## REQUIRED ACTION
The answer must be an exact copy of the lines from the one with "日前,由全国高等院校计算机基" through the final line below, with no pictures and nothing else.

## EXERCISE DATA
=-=-=-=-=

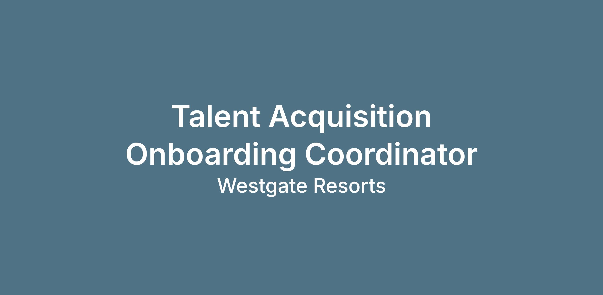 The Talent Acquisition Onboarding Coordinator drives a seamless new hire onboarding experience across multiple Westgate Resorts properties. This role manages high-volume activity; 15-25+ active hires at a time, ensuring compliance, accuracy, and an exceptional candidate experience from offer acceptance through New Hire Orientation.
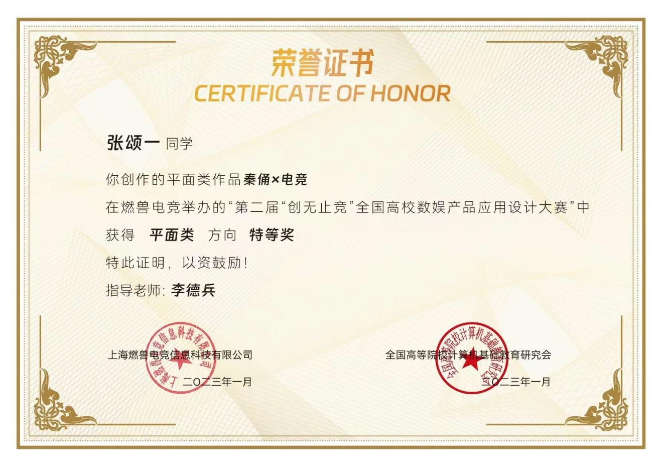 日前,由全国高等院校计算机基础教育研究会指导、上海燃兽电竞信息科技有限公司主办的第二届“创无止竞”全国高校数娱产品应用设计大赛结果揭晓,best365官网新媒体艺术学院动画专业2019级(2)班学生张颂一创作《秦俑×电竞》作品,在平面类赛道荣获特等奖的好成绩,新媒体艺术学院教师李德兵被评为优秀指导教师。
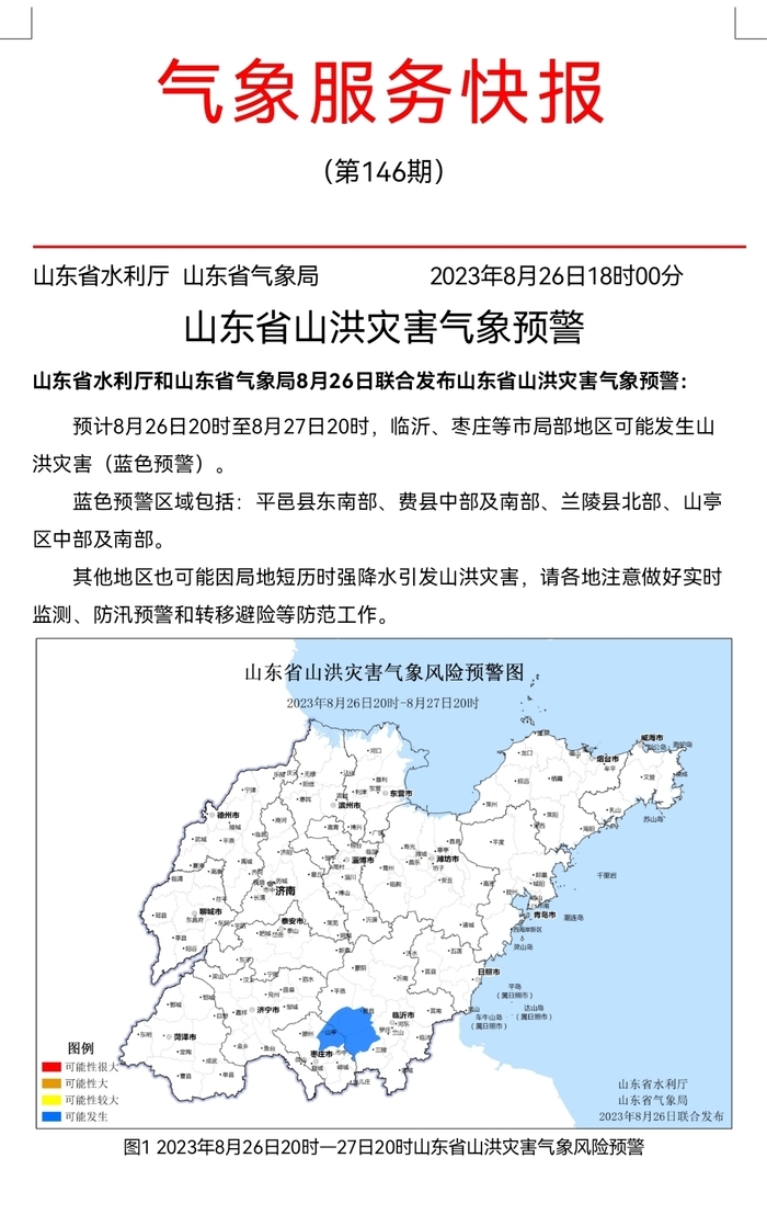 预计8月26日20时至8月27日20时,临沂、枣庄等市局部地区可能发生山洪灾害(蓝色预警)。

=-=-=-=-=

## ANSWER TO THIS TASK
 日前,由全国高等院校计算机基础教育研究会指导、上海燃兽电竞信息科技有限公司主办的第二届“创无止竞”全国高校数娱产品应用设计大赛结果揭晓,best365官网新媒体艺术学院动画专业2019级(2)班学生张颂一创作《秦俑×电竞》作品,在平面类赛道荣获特等奖的好成绩,新媒体艺术学院教师李德兵被评为优秀指导教师。
 预计8月26日20时至8月27日20时,临沂、枣庄等市局部地区可能发生山洪灾害(蓝色预警)。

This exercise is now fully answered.